Only a few people were left to argue for the public. They included historian Paul George, hired by Miami One's powerful neighbors, and civic activist Blanca Mesa. George detailed the historical and archeological importance of the area around the site and bemoaned that this history is not valued. At 9:38 p.m. Mesa strode to the podium with the unenviable task of presenting the views of all the citizens who had left the chambers and the groups they represented. Chairman Willy Gort, though, refused to let her exceed her five-minute speaking allotment. "I've been waiting for five hours," Mesa pleaded. "Please let me finish my sentence."
Only after Commissioner Arthur Teele intervened was Mesa allowed to return to the podium. In response Gort stood up and walked from the dais. "We have lost so much of what is special," Mesa implored. "This waterfront belongs to all two million people in Miami-Dade County."

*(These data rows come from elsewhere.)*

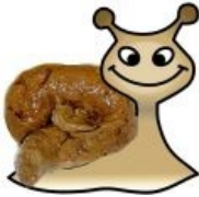
Улиточка одобряет копрофилию
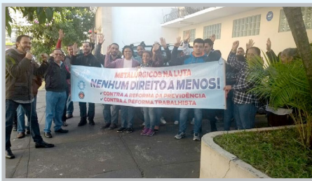
Diretor Ninja e equipe falando da importância da paralisação dia 30 na PEXTRON (zona sul)
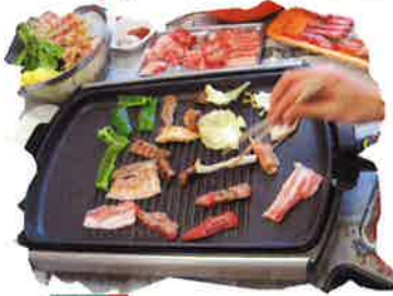
道後ユニットは、焼肉パーティー
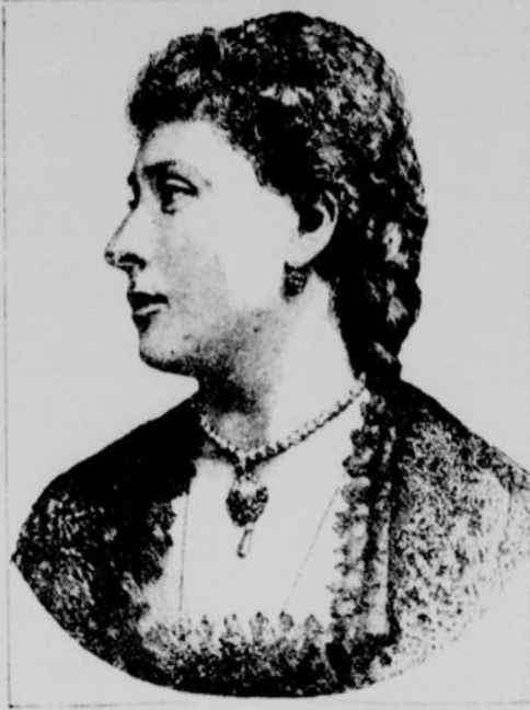
S.A.R. LA PRINCESSE BÉATRICE, Fiancée au prince de Battenberg
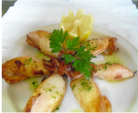
CALAMARS A LA PLANXA CALAMARES A LA PLANCHA CALMARS GRILLÉS GRILLED SQUID
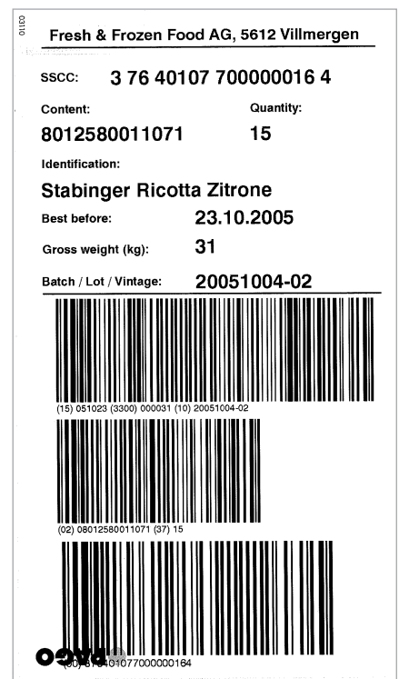
FFF-Etikette mit SSCC wird aus der ABACUS Auftragsbearbeitung automatisch generiert

In diesem Projekt hat sich auch gezeigt, wie einfach die Implementierung von E-Business sein kann, wenn die B2B-Standardlösung von ABACUS mit AbaNet verwendet werden kann und für das betreffende Unternehmen nicht eine Lösung individuell programmiert werden muss. Damit spart das Unternehmen bares Geld.
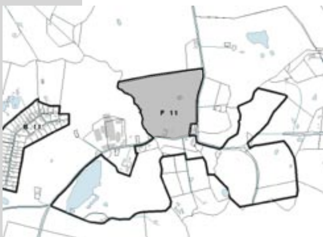
Kort over Pibe Mølle, den grå zone i område F11 viser udvidelsen
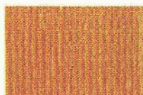
15 safran 2352
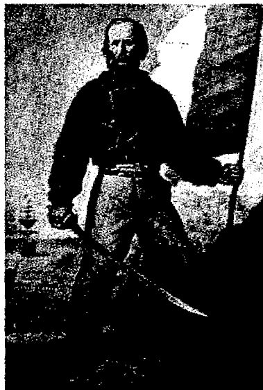
Protagonisti Giuseppe Garibaldi. In alto, Camillo Benso conte di Cavour.

5 maggio 1860 Centocinquant'anni fa Garibaldi e i Mille partirono da Quarto per unificare l'Italia
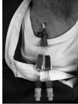
Afbeelding 4: dialysekatheter, dubbellumen

Wanneer er eerder of zelfs acuut gestart moet worden met de dialysebehandeling wordt er onder plaatselijke verdoving een dialysekatheter (een kunststof slangetje) ingebracht. Deze katheter wordt in de hals of lies in een groot bloedvat ingebracht en kan direct worden gebruikt. De dialysekatheter is een tijdelijke oplossing. Hij vormt een 'open' verbinding met de bloedbaan en is om die reden infectiegevoelig.
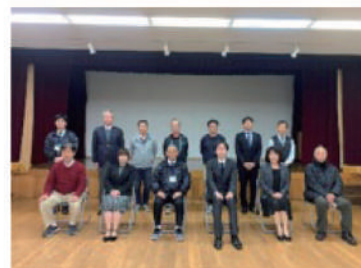
策定委員会集合写真
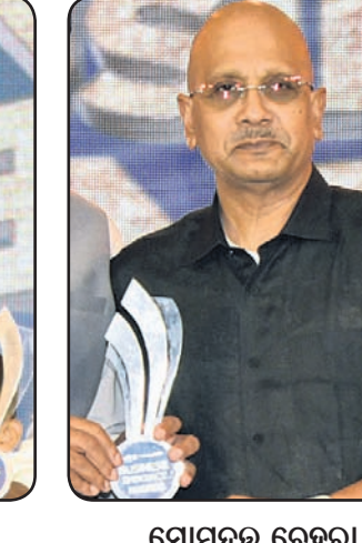
ସୋମନର ବେହେରା କେଟି ଗ୍ଲୋବାଲ୍ ସ୍କୁଲ
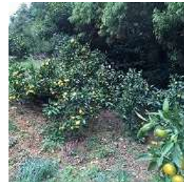
防除と圃地改善による試験
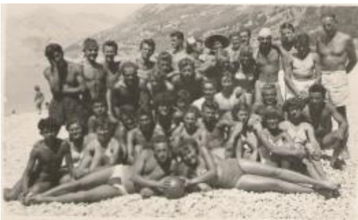
Telovadni tečaj v Makarski 1954

Ker se je ekipa članov takrat nekako že poslavljala, so veliko upov polagali v uspeh mladincev. In ne zaman! Po intenzivnih vadbenih urah in uspešnih nastopih so v naslednjih letih dobesedno eksplodirali.
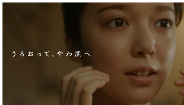
新TV-CM「ゆらがんぞ」篇より

第一三共ヘルスケア株式会社は、敏感肌向けスキンケアシリーズ「ミノン」において、新たなイメージキャラクターを迎えたボディケアシリーズ・フェイスクケアシリーズの新TV-CMを、2020年9月28日（月）に全国にて放映開始いたします。ボディケアシリーズとしては、俳優・岸井ゆきのさんと小関裕太さんを起用したミノン全身シャンプー「二人のこれから」篇・ミノン全身保湿剤「小さな常連さん」篇、フェイスクケアシリーズとしては、上白石萌音さんを起用したミノン アミノモイスト「ゆらがんぞ」篇を展開いたします。

After further discussion, at a little after 10:30 p.m., Commissioners Johnny Winton, Arthur Teele, Joe Sanchez, and Willy Gort voted to approve the waiver with two conditions: The Related Group had to meet with the neighbors to try and rectify their concerns; additionally Winton insisted the developer work with city staff to make the project more "pedestrian friendly" before One Miami received its building permits. Results of the discussions with neighbors would be presented to the commission at the next meeting, on Thursday, January 11. (Tomas Regalado was the only commissioner to vote against the measure.)
Meanwhile civic activists like Dan Paul are in the familiar position of watching as their dreams are trampled upon once again. "It is," he says with disgust, "a blatant disregard for the popular will."